Originally Posted by spacecadetglow
I think you're just falling for the wrong men. How soon are you physically intimate with these fellas, danas? Sex too early on can make things reeeeally confusing. It releases chemicals in your brain that make you wanting more of that person, without the requisite emotional/spiritual intimacy. I don't know anything about your connections of course, but this has been the pattern with me and maybe it resonates for you.
I suggest doing some work on your intuition. You probably know right away that they aren't right for you, that they're emotionally unavailable or "just not that into you." People show you who they are all the time, but perhaps you choose to ignore that because you get addicted to those happy chemicals flooding your brain.
You mentioned that as soon as you start showing them who you are and become more open, they run away. Well, so be it. That means they are not right for you. You seem to blame yourself though. Keep being yourself, and I suggest you open up even MORE, and get MORE direct with these guys. It helps you to get clear on what you want.
Don't accept anything less than wonderful. Perhaps because you've been dating the wrong guys for long and always experience pain, you think that is the love is. It's not. Love is not pain. Keep your standards high and be discerning.
Hope this helps!
Thanks you but believe it or not there was no sex! Only long hugs. and even that after many long days together.
Like he described it: First we connected through the mind- we loved eachothers creative work, then we connected through the voice- we had endless things to talk about, and finally we connected through the heart.
He himself said that this is a soul connection because it wasnt just lust...
Thats his description. My intuition told me very strongly after only 3 days that this is my soulmate. I believe we have more than one though.
Last time I connected so deeply with a guy was back in 1994. and that was after many months together.
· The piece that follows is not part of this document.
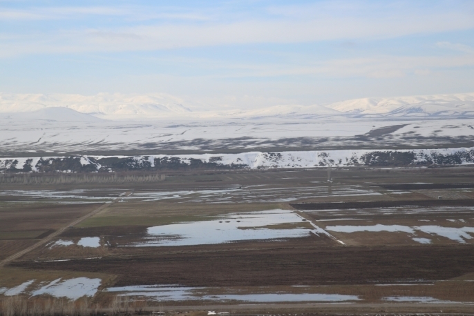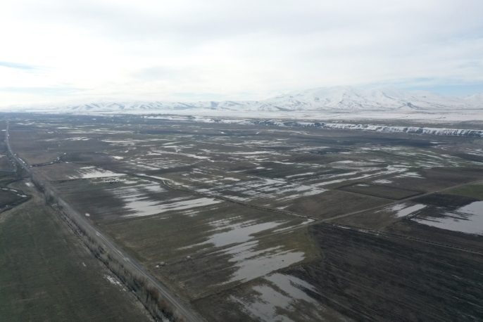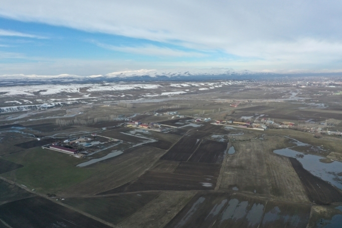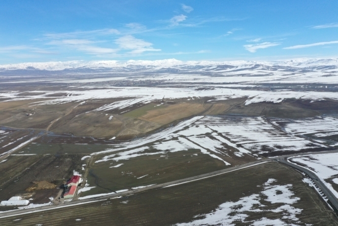 Yağışların ardından ova ve çevredeki dağlardaki kar örtüsü erimeye başladı. Geniş bir alana yayılan ovada karların erimeye başlaması, göz alıcı manzaraların oluşmasına neden oldu. Dronla çekilen görüntüler, karların kısmen eridiği dağlar ile tarım arazilerini gözler önüne serdi.

But- he is married. I couldnt help not falling for him. We spent day and night together, away from our normal lives (and his wife) and as much as I tried it was inevitable. for both of us. Now hes back home, and thats all it was. A love story. A beautiful one. but not one that ends happily ever after together...
The 2 guys before I waited a while before any sex. Longer than they ever did I suspect. Interestingly enough straight after I left the picture, they connected with someone new and now are in long term monogamous relationships.
So these guys are perfectly capable. Its not them... It me.
I have a strong belief in my art and finances that things will work. I take really crazy risks sometimes but I have a deep knowing that it will work. And it ALWAYS does.
Although, I think, until know, I had the exact opposite belief about relationships. I had a deep knowing that it won't
And so it was... But all thats changing know! It will work. It is working and it must work.
thanks to some work with Angela and all the wonderful people here.